• Study material
------------------------------------
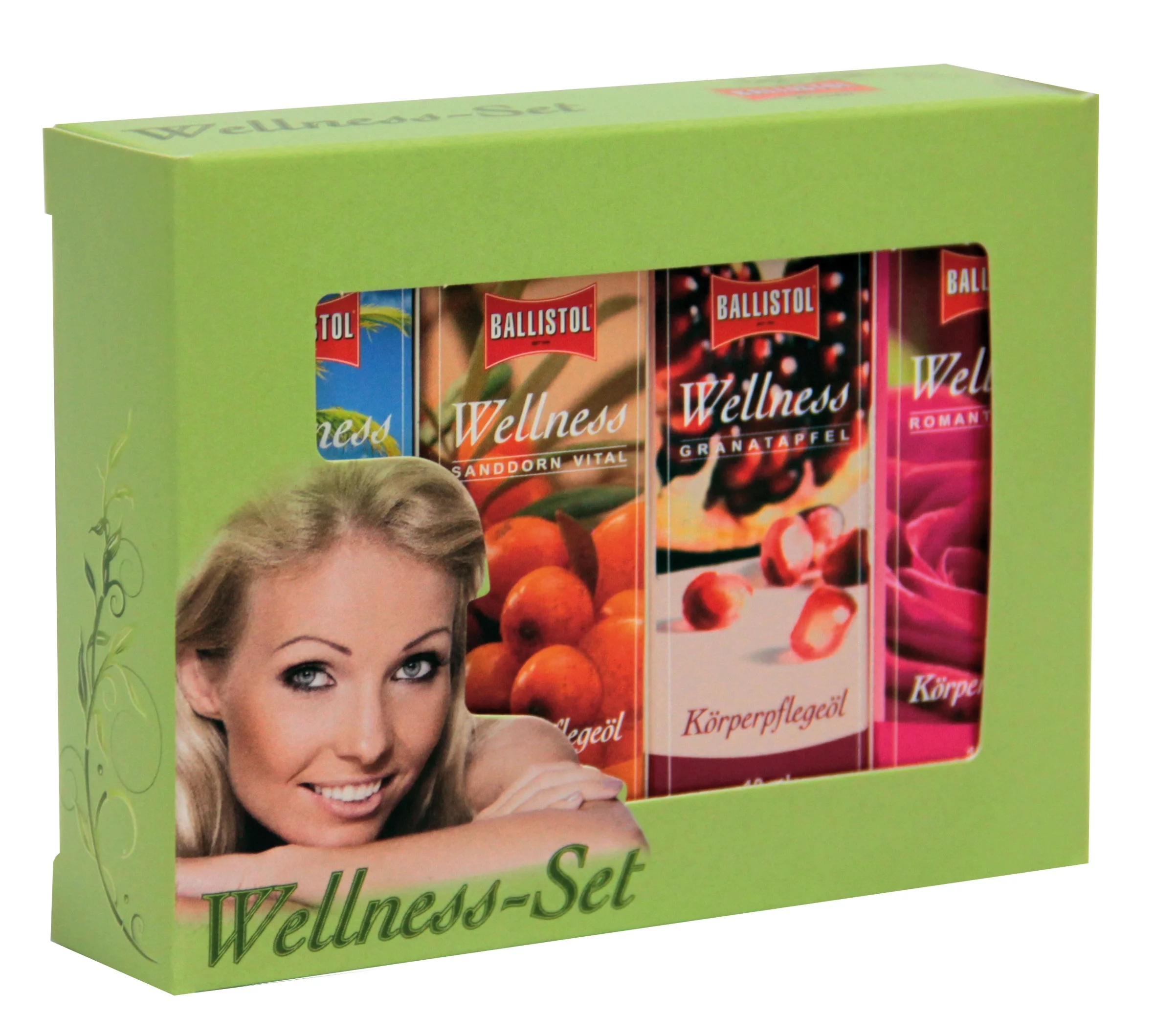 Kleines Wellness Set von Ballistol mit allen vier Sorten der Wellness-Öle in einer schönen Geschenkbox.
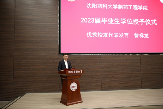 74期制药工程专业、2014级药物化学硕士、百济神州(上海)生物医药技术有限公司地区经理曾祥龙作为校友代表发言。他回顾了在沈药度过的美好求学时光,分享了求学过程中的学思践悟,建议即将步入社会的师弟师妹们加强学习能力、自我管理能力、心态调整能力的培养,用所学的专业知识及踏实的从业态度渡过迈入社会的过渡期。
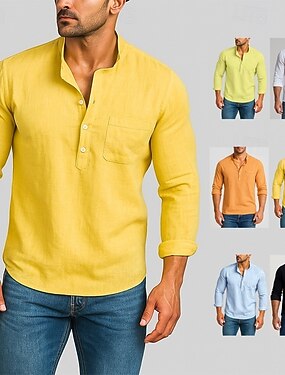 Miesten Paita pellava paita Kiinalainen kauluspaita Mandarin kauluspaita Rento paita Puuvillainen paita Tavallinen Loma Katu Musta Keltainen Vaalean vihreä Punastuvan vaaleanpunainen Lyhythihainen
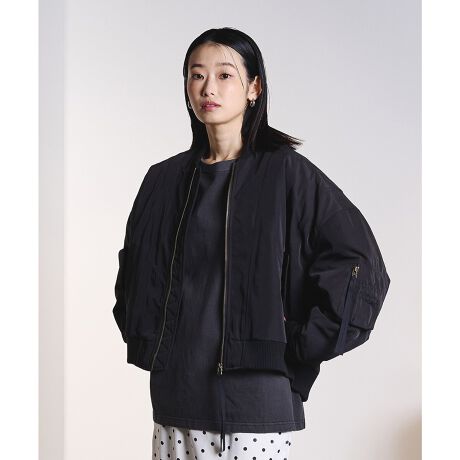 ショート丈ですが身幅にゆとりがあるので、インナーを選ばず着回ししやすいMA-1です。
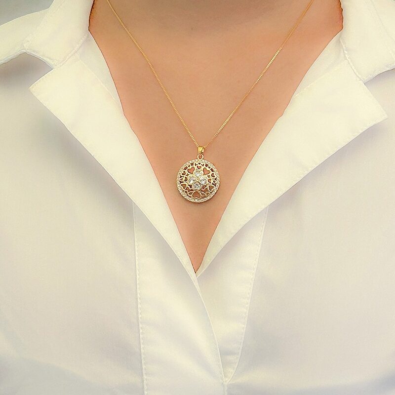 Colar Mandala Trevo Cravejado Banhado em Ouro 18k
------------------------------------
• Assigned task
Please repeat every line of the material above exactly and without its pictures.

• Reply to the exercise
 Kleines Wellness Set von Ballistol mit allen vier Sorten der Wellness-Öle in einer schönen Geschenkbox.
 74期制药工程专业、2014级药物化学硕士、百济神州(上海)生物医药技术有限公司地区经理曾祥龙作为校友代表发言。他回顾了在沈药度过的美好求学时光,分享了求学过程中的学思践悟,建议即将步入社会的师弟师妹们加强学习能力、自我管理能力、心态调整能力的培养,用所学的专业知识及踏实的从业态度渡过迈入社会的过渡期。
 Miesten Paita pellava paita Kiinalainen kauluspaita Mandarin kauluspaita Rento paita Puuvillainen paita Tavallinen Loma Katu Musta Keltainen Vaalean vihreä Punastuvan vaaleanpunainen Lyhythihainen
 ショート丈ですが身幅にゆとりがあるので、インナーを選ばず着回ししやすいMA-1です。
 Colar Mandala Trevo Cravejado Banhado em Ouro 18k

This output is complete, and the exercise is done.